Un día, hace muchos años –cuenta el doctor Mondragón–, tuve un incidente de tránsito. Se me vino encima un microbusero; se bajó a gritos y mentadas, y ni modo, hermano, le entré como se debe y lo puse en el suelo. Tras él vino otro, más gordo, más grandote pero igual de torpe. Traía un tubo. Le tocó la misma suerte. Cuando llegó el tercero y los otros se levantaron. Escuché un grito salvador:

 

–¡Vámonos!, este si es gandalla!

 

Mondragón lo recuerda y se ríe en la mesa dominical donde cada semana junta a algunos de sus amigos para conversar, recordar. El entrañable Gustavo Mondragón, ex contralor del DDF, a quien se le acaban de celebrar sus bien cumplidos cien años de edad, preside la mesa y recibe el respeto cariñoso de su sobrino.

 

El tiempo me permitió durante años, desde aquella desaparecida escuela de artes marciales, mirar a Mondragón a la distancia. Ver sus éxitos, su carrera.

 

–Manuel, ¿vas a ser secretario de Seguridad Pública?, le pregunté cuando se inició el gobierno de Marcelo Ebrard, con quien se había ido del gobierno del DF en solidaridad por el despido del jefe de gobierno por Vicente Fox cuando aquel malhadado asunto de Tláhuac.

 

–No, de ninguna manera…

 

–Manuel… no me digas eso. Cuando se presente una necesidad en la administración, cuando de veras hagas falta, cuando te lo pidan Marcelo o el servicio, lo vas aceptar.

 

–Te digo que no, no insistas.

 

Dos semanas después, llegué al desayuno dominical con una bolsa de lona y un regalo. “Te quiero dar esto, Manuel, a mí no me sirve. Y tú a lo mejor la necesitas cuando seas jefe de la policía”.

–No

–¿De veras, Manuel? No te creo.

–Te digo que no, farfulló mientras desenvolvía el paquete.

 

Preciosa, refulgente, impoluta y sin haber sido disparada en años, refulgía una contundente Magnum.

–¿Y esto?

–Me la dio un amigo mío del Estado Mayor, ya finado, de cuando trabajé en la Presidencia, hace años.

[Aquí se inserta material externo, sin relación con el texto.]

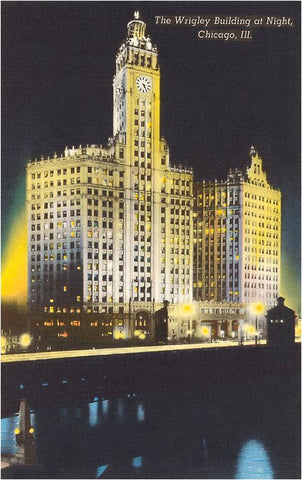 CH-160 Night, Wrigley Building, Chicago, Illinois - Vintage Image

–Gracias, la voy a registrar de inmediato, dijo el Médico Naval, contralmirante de la Marina Armada de México.

 

Cuando dejamos el desayuno, yo no pensaba en una ciudad donde un ciudadano le regala un revólver al jefe de la policía, no me imaginaba los hechos cercanos.

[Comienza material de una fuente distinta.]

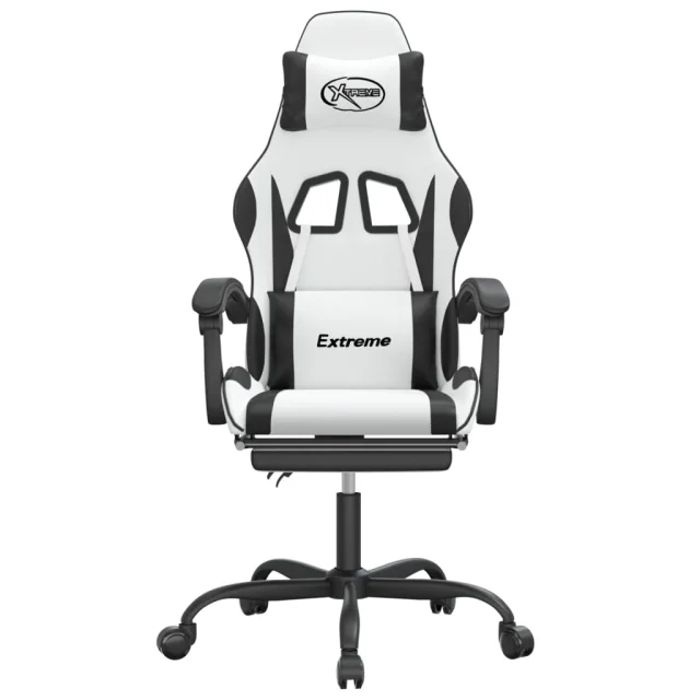 vidaXL Igralni stol z oporo za noge belo in črno umetno usnje

Vino la mortandad horrible del News Divine y con ella el terremoto político de Marcelo Ebrard y sus medidas desesperadas. Una de ellas cesar al jefe de la policía y pedirle auxilio a su amigo.

 

Manuel Mondragón y Kalb fue designado, días después, secretario de Seguridad Pública por Felipe Calderón. Los servicios médicos le fueron encomendados a Armando Ahued, con buena fortuna.

 

La policía de esta ciudad, desde entonces, ha sufrido una notable transformación. Se ha ganado la confianza y el respeto. Los domingos las personas del desayuno familiar se acercan a Mondragón, lo saludan, lo exhortan a seguir, lo felicitan.

 

–¿Otra vez Manuel?, ¿vas a repetir como Armando Ahued?, Manuel, dímelo, dímelo…

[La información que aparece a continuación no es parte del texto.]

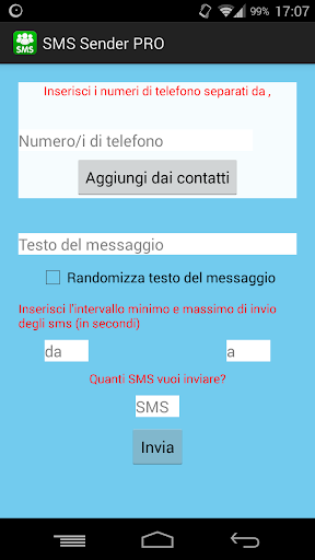- randomizzare il tempo di invio tra un SMS e l'altro

–No empieces, no empieces otra vez, me dice con los dedos como garra en mi brazo.

 

Y de seguro en el fondo de un cajón, si pudiera hacerlo, la Magnum sonreiría orgullosa. No cualquiera le pertenece al legendario Manuel Mondragón y Kalb, dos veces secretario de Seguridad Pública. Hay pistolas con suerte.